Diversity and inclusion are not the same thing, Enderling added, recalling her work at a previous startup that was “very, very diverse” but had a “toxic culture… to the point where the CEO would be making rude gay jokes about the one person who was openly gay.”

“Although it was diverse, there was no inclusivity.”

Diversity picture still incomplete

Despite the industry’s steady march towards diversity and new career programs designed to engage with women, non-specific corporate policies and lack of enforceable standards has left each company to implement DEI on its own terms based largely on the mindsets of individual managers in what Cook said are often “very blokey environments”.

“We need to get into not just diversity, but the inclusivity part of it is maybe even more important to be able to create a system which becomes self propagating,” Enderling said.

“That makes a difference in terms of how the team looks at hiring, and thinking about it, because inclusivity becomes an explicit part of your culture.”

Yet with few metrics to track the changing composition of Australia’s cyber, ICT, and related industries – and most discussions revolving around shared anecdotes and frustratingly consistent studies about gender pay gaps – some believe the information vacuum has made it hard to progress more meaningfully from discussion to action.

Despite widely quoted statistics such as women holding 17 per cent of Fortune 500 CISO roles, the industry still lacks detail about the participation of groups such as neurodivergent people, Aboriginal and Torres Strait Islanders, non-binary and transgender men and women.

“I have no idea how many are engaged in technology, because we just don’t have those statistics available to us,” noted Jo Stewart-Rattray, a long-time CISO and ACS community boards vice president, flagging a lack of visibility that is only starting to be addressed.

“There are definitely some real issues out there,” she said.

“How do we bring these people into our sphere of influence in the tech workforce, and make them feel wanted and included?

“I think we’re getting better with the cultural sides of things,” she said, “but we’re not particularly good at dealing with some of these other areas.”

Despite a large proportion of the Northern Territory’s workforce coming from a migrant background, said Dr Edwin Joseph – president of the Multicultural Council of the Northern Territory (MCNT) – Australians’ many entrenched biases not only keep skilled migrants out of leadership roles, but taint everyday interactions in the workplace.

Australian employers “are very, very ignorant” by global standards,” he said, recalling a Christmas decoration contest where a judge “failed to identify” that one of the team’s IT workers was a non-Christian and “was actually struggling to answer” her questions about Christmas in India.

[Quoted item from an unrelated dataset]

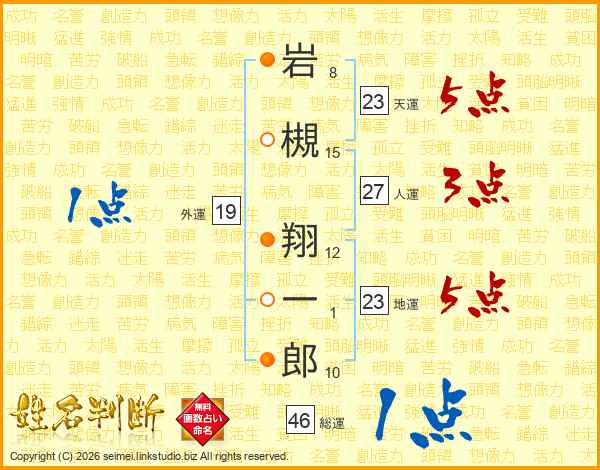岩槻翔一郎さんの総運は46画の1点!

Australian workers “fail to identify and actually acknowledge the diversity of people,” Joseph explained. “They mix work with life, use a lot of jargon when compared to other international environments.”

Festering ignorance continues to compromise grand corporate visions around DEI, Joseph said: “There are so many companies that have diversity as part of their visions or values in strategic planning,” he explained, “but the practical implementation is not happening.”

“In practice, many are very ignorant about other cultures,” Joseph continued. “It’s not only about putting it on paper in the strategic plan, but it should be communicated well to employees that diversity is not a pain. It’s actually a blessing.”